Insolvency and corporate reconstruction

  • Advising Suncorp in relation to the recovery of various distressed debts secured primarily by real property and agricultural assets in all Australian States.
  • Advising BMA in connection with the completion of a mine project in the Northern Territory including the provision of specialist advice regarding project documents and project completion.
  • Advising Bradken Resources Pty Limited in connection with the Forge group external administration.
  • Advising a financial institution with respect to enforcement options in connection with its proposed acquisition of a A$2B distressed debt book.
  • Advising the administrators appointed to LM Investment Management Limited (and its related services entity) in relation to the group's A$3B funds management empire. Liaising and negotiating with stakeholders and ASIC and advising on ASIC regulatory and security enforcement issues.

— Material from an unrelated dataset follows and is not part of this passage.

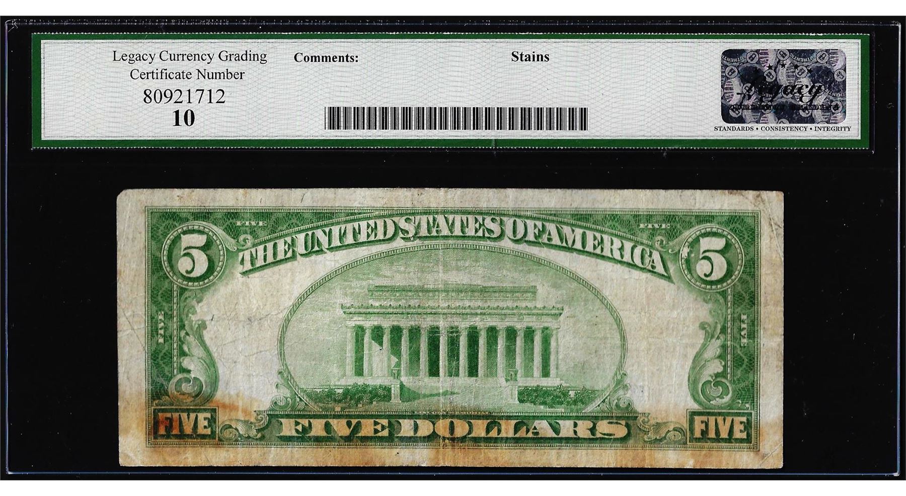 One 1929 $5 NB New Haven, CT CH# 1202 National Currency Note Legacy Very Good 10. Legacy Graded.

  • Advising the administrators appointed to Kagara Ltd and its related entities. Kagara is an ASX-listed mining company with copper, zinc-lead and nickel operations in North Queensland and Western Australia. Kagara was founded as a private company in July 1981 and has various exploration tenements which cover an area of nearly 2,000 square kilometres.
  • Advising Westpac and Westpac New Zealand Limited and their receivers and managers in the receivership of a large independently owned bakery business in Australia and New Zealand.
  • Advising the security trustee and its receivers and managers in relation to the WOW Audio Visual group. WOW was established in 2003 as a retailer of home entertainment products. With a total of 15 stores, approximately 550 staff and over 300 suppliers, WOW was recognized as one of the largest privately held consumer electronics retailers in Australia.
  • Advising the secured creditor and its receivers and managers in relation to Equititrust Limited and the Equititrust Income Fund with fund assets valued at between A$100M to A$300M (and previously valued at up to A$750M).
  • Advising a syndicate of secured financiers and the receivers and managers in the receivership of "The Oracle" at Broadbeach. Secured assets comprising "The Oracle" twin towers at Broadbeach which include premium retail, commercial and residential lots. Issues which were advised upon include duty of sale; 'ring-fencing' of project assets into a SPV for the purposes of resourcing and facilitating the completion of the project and the ancillary services agreements; contractor agreements and other related employee entitlement issues; pre-sale settlement and litigation strategy; the disposal of the management rights in "The Oracle"; receiver funding arrangements; building and construction issues including the adoption of the pre-appointment building contract and the finalisation and payment of outstanding progress claims; and all post-appointment residential sale and retail and commercial leasing issues.
  • Advising the administrators appointed to all the entities within the RiverCity Motorway Group which operates and maintains the A$3B CLEM7 toll road. Obtained a 21 month extension to the convening period for the second meeting of creditors; obtained novel orders under section 447A relieving the administrators of certain obligations in connection with Part 2M.3 of the Corporations Act 2001 (Cth); clarified the position with respect to "officers" for the purposes of Chapter 5C of the Corporations Act 2001 (Cth).
  • Advising various banks in relation to claims against valuers for negligent valuations.